Avançar para o conteúdo principal

A caixa de Pandora

Eu conheço um pintor fantástico, cujo nome não revelo aqui por não lhe ter pedido autorização, que costuma, a par das imagens do resultado das suas obras, publicitar imagens de todo o contexto onde produz a sua arte. São fotos onde se enxerga as fases do processo de trabalho, os materiais utilizados nas diversas fases, o raio de sol que entra pela janela adentro e o gato que se espreguiça no sofá e que assiste feliz às movimentações do dono. E daquele ambiente surge um trabalho verdadeiro tão difícil e tão belo como um parto natural. E eu sei bem do que estou a falar porque já passei por dois fantásticos partos naturais. É tal e qual como dizia uma cronista que muito aprecio e cujo nome não revelo para que a curiosidade possa provocar uma pesquisa. Ela dizia que, para se criar algo de forma verdadeira, é preciso escolher um sítio vulnerável. E é de vulnerabilidades de que vos vou falar de seguida.

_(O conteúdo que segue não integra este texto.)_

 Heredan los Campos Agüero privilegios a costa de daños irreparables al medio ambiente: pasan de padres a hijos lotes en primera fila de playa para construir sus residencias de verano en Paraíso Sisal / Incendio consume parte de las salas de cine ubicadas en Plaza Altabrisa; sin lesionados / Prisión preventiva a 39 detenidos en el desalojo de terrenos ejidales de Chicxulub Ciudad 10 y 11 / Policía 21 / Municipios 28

Quase que foi declarado estado de sítio há uns dias. Um pequeno caos! E estava eu numa das infindáveis filas de trânsito junto de um posto de gasolina, quando ouvi na rádio uma qualquer referência ao sacrifício e à esperança que o ajuda a suportar. Até parece que vinha a propósito. Em época pascal, o mais natural seria lembrar-me da figura de Jesus Cristo, mas aquele triste discurso, misturado com o cheiro do gasóleo, só me dava raiva, vontade de desfazer a aparelhagem. E a figura de Jesus era demasiadamente benevolente para o contexto. Foi nesse auge que me lembrei da máxima estoica do autocontrolo e firmeza no sentido de derrotar as emoções destrutivas. De repente, sorri, ao lembrar-me de um texto muito apropriado de uma escritora brasileira. Começava assim: «No rádio do posto de gasolina, tocou uma canção que falava de Prometeu. Do estoicismo de Prometeu. Tanto quanto sei, nas últimas aulas de história e geografia, Prometeu foi quase o deus que mais acreditou na humanidade. Quase. Há outro. Mas Prometeu, aquele malandro, roubou o fogo do chefão para levá-lo aos mortais.». Nunca Jesus Cristo se lembraria de tal façanha: roubar é feio! Mesmo que seja por um motivo de justiça. E, enquanto esperava no meio da fila, ia visualizando a figura divina em guerra aberta contra Zeus, suportada pelo seu irmão Epimeteu, espalhando poderes por todos os animais da Terra. Mas, por falta de capacidade de planificação rigorosa, lá ficava o bicho Homem, como sempre, com um problema entre mãos. Foi-lhe concedido atrapalhadamente o poder do Fogo e este era o princípio da nossa magnífica dependência. E era vê-lo a sofrer castigado e amarrado a uma rocha por toda a eternidade enquanto uma águia lhe destruía a figadeira! 
E eu ía organizando todos estes detalhes em esquema mental. Encaixei mais duas ou três ideias imediatamente guardadas à espera de melhor contexto onde pudessem ser trabalhadas. Coloquei-as numa caixa fechada no banco do automóvel e jurei que só a abriria quando encontrasse o sítio apropriado para o efeito. Um sítio vulnerável! 
Entretanto, chegou a minha vez! E lá me fui daquele posto de gasolina com o depósito cheio. Realmente, a esperança é sempre a última a morrer. Sentia-me detentora da caixa de Pandora!